Efficient reverse-factorization of a number given list of divisors

316 views Asked by At

Given a number n and a list of divisors A, how can I efficiently find all the combinations of divisors that, when multiplied, yield to the number?

e.g.

n = 12 
A = [2, 3, 4]

Output:

[[3, 2, 2],
 [2, 3, 2],
 [2, 2, 3],
 [4, 3],
 [3, 4]]

This is what I managed to do so far (code that I re-adapted from one of the many find-prime-factorization questions on stackoverflow):

def products(n, A):
    if n == 1:
        yield []
    for each_divisor in A:
        if n % each_divisor == 0:
            for new_product in products(n // each_divisor, A):
                yield new_product + [each_divisor]

This code seems to work properly but it's very slow, and if I try to use memoization (passing A as a tuple to the function to avoid unhashable type error) the code doesn't provide the correct result.

Any suggestions on how to improve the efficiency of this code?

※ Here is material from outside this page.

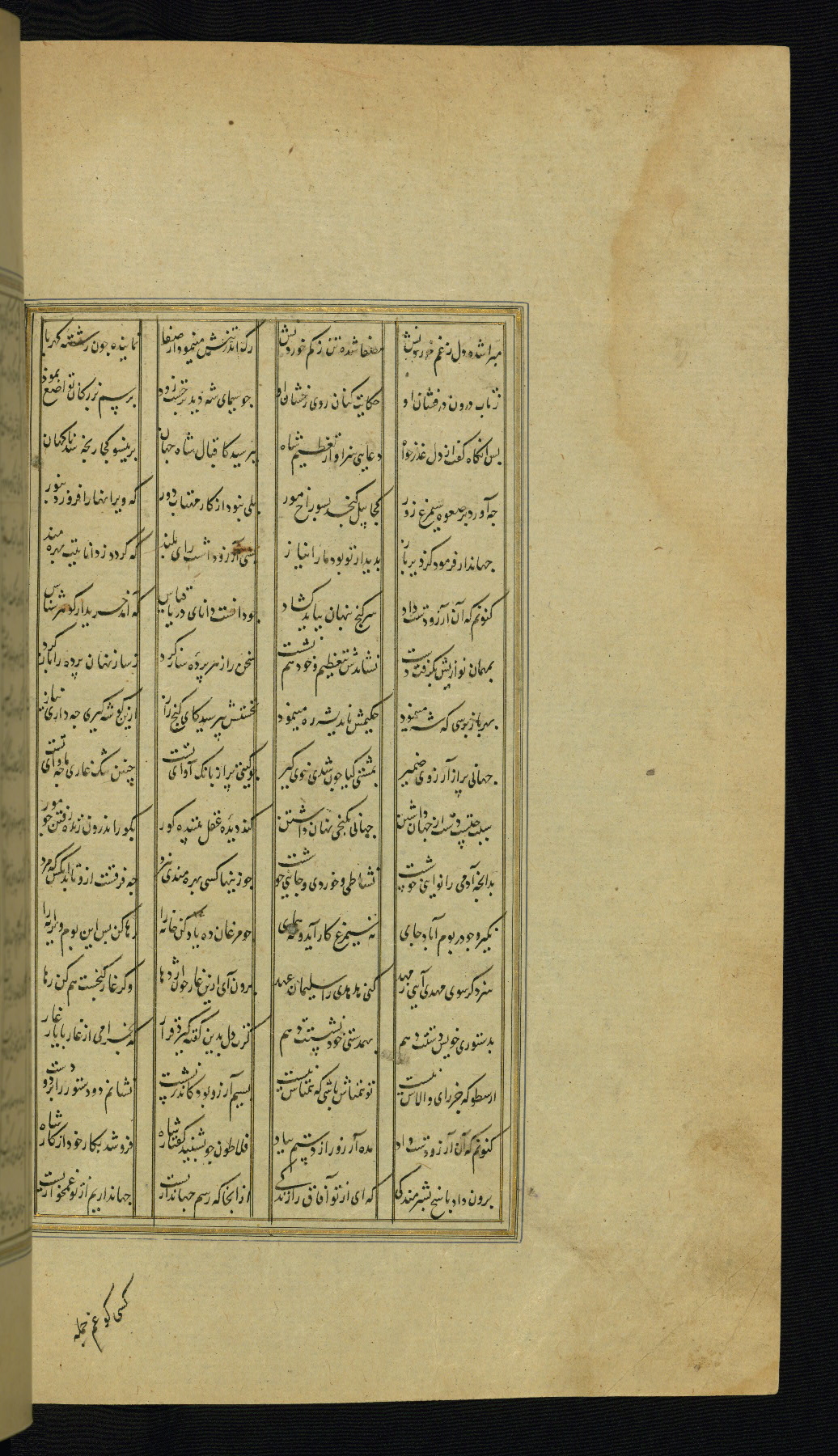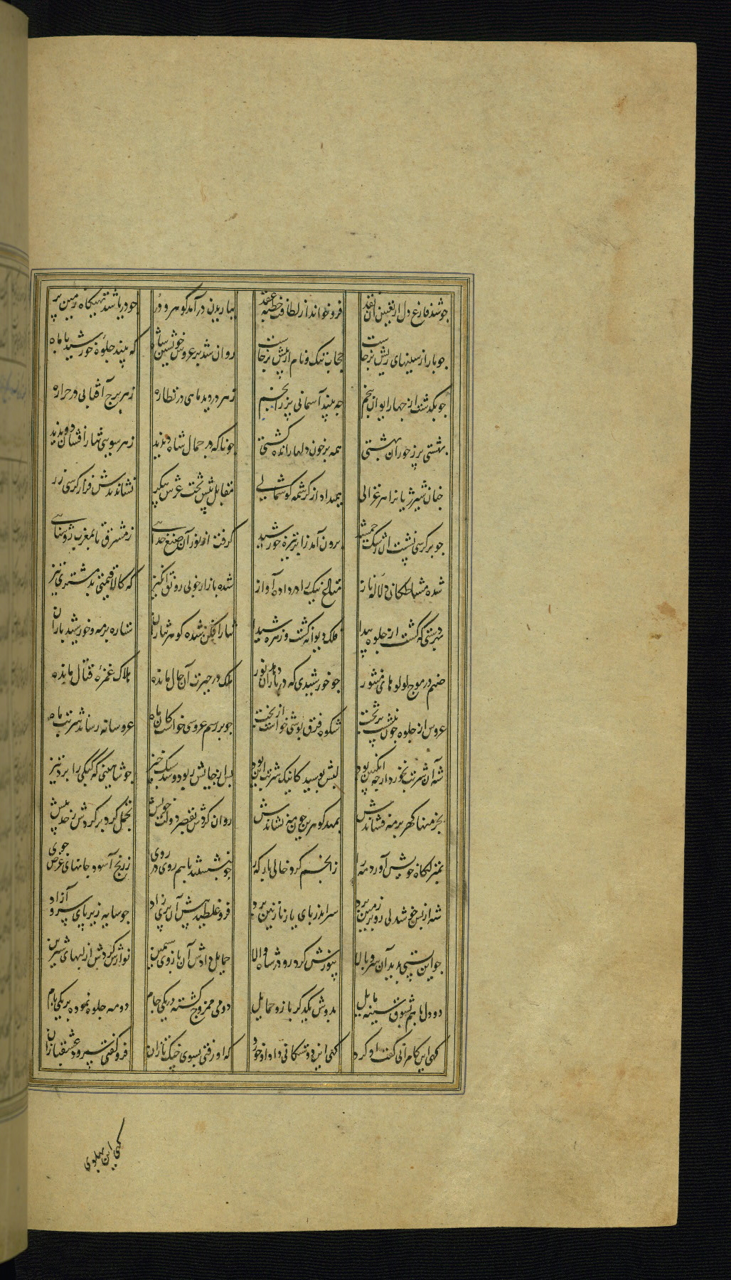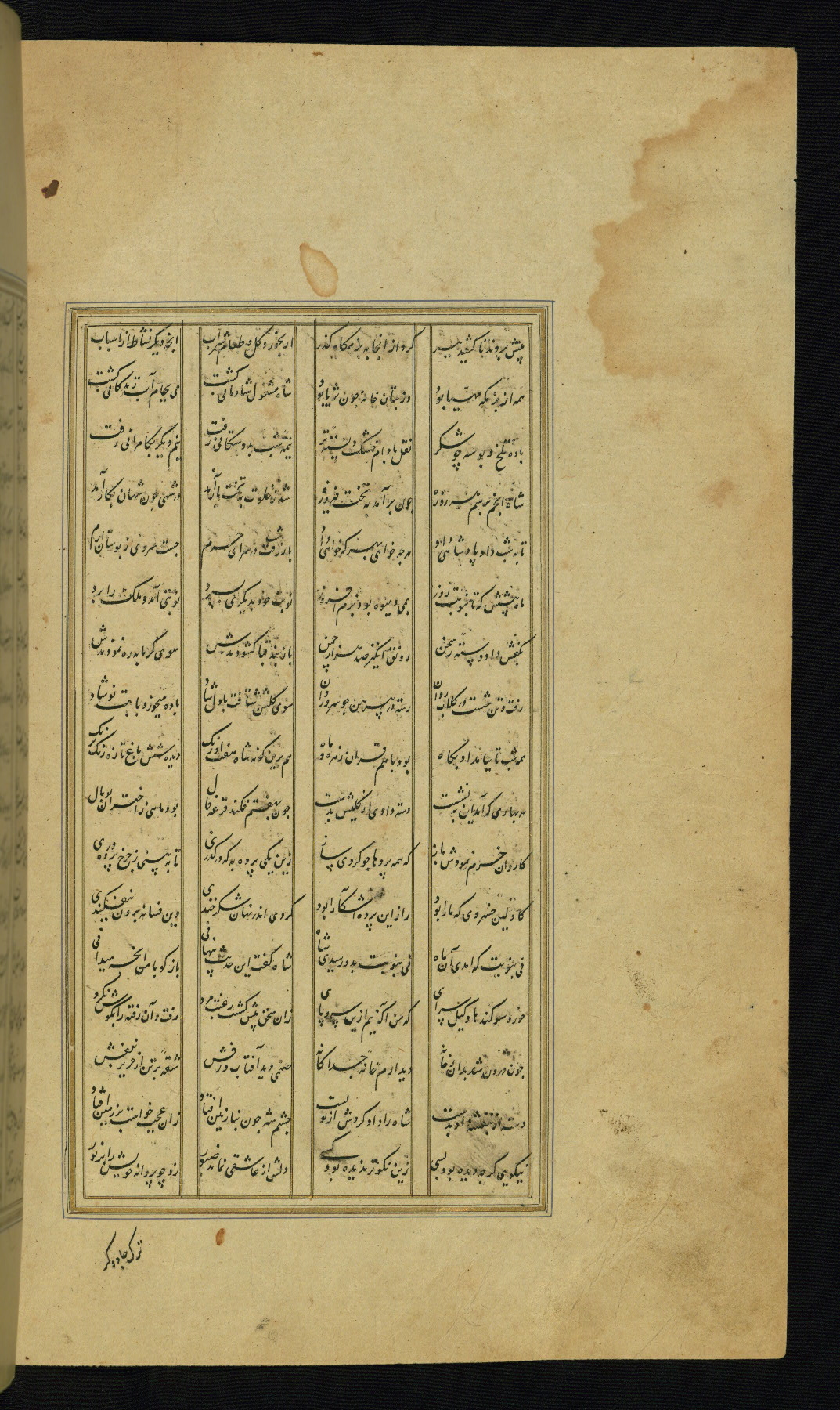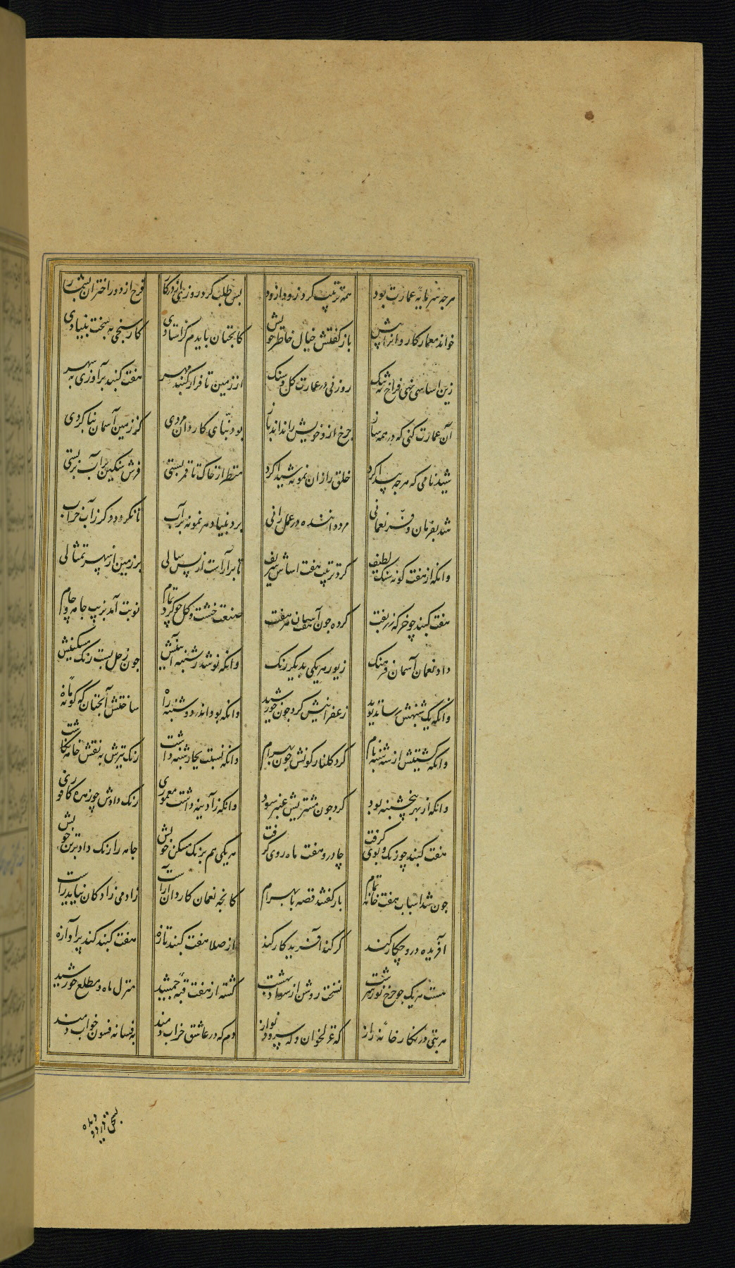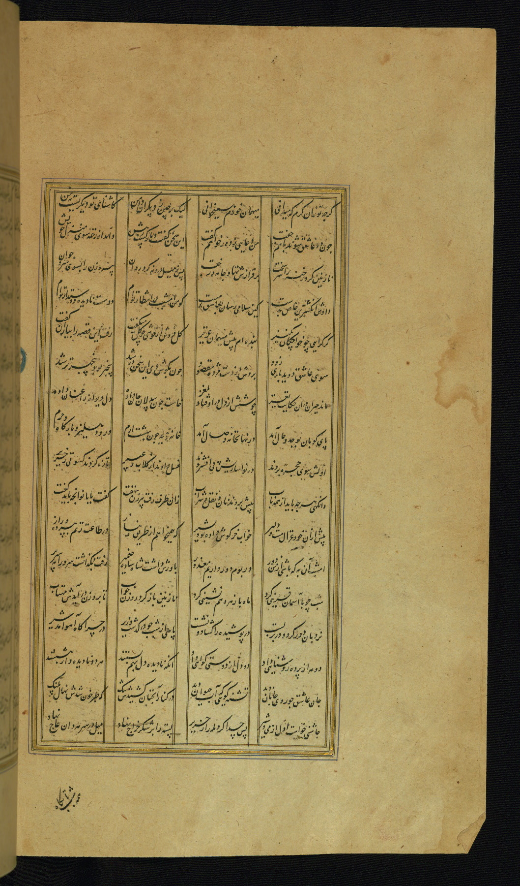 This is an illustrated and illuminated Safavid copy of the Khamsah (quintet) of Amīr Khusraw Dihlavī (d. 725 AH / 1325 CE), written by Pīr Ḥusayn al-Kātib al-Shīrāzī in 935 AH / 1529 CE. The codex opens with a double-page illuminated frontispiece with verses in honor of the poet Mir (Amir) Khusraw (fols. 1b-2a). There are four illuminated incipit pages introducing the individual poems, and thirteen paintings illustrate the text. The lacquer binding, which is not original to the manuscript, has a hunting scene on the upper and lower boards. The lower board is inscribed yā Shāh Najaf (oh, King of Najaf, i.e. ʿAlī) and is dated 1271 AH / 1854 CE.

The memoized code I tried is the following:

class Memoize:
    def __init__(self, fun):
        self.fun = fun
        self.memo = {}

    def __call__(self, *args):
        if args not in self.memo:
            self.memo[args] = self.fun(*args)
        return self.memo[args]

@Memoize
def products(n, A): [as above]

When calling the function with the above defined parameters n, A:

>>> list(products(12, (2, 3, 4)))
[[3, 2, 2]]

Without memoization, the output of the same code is:

[[3, 2, 2], [2, 3, 2], [2, 2, 3], [4, 3], [3, 4]]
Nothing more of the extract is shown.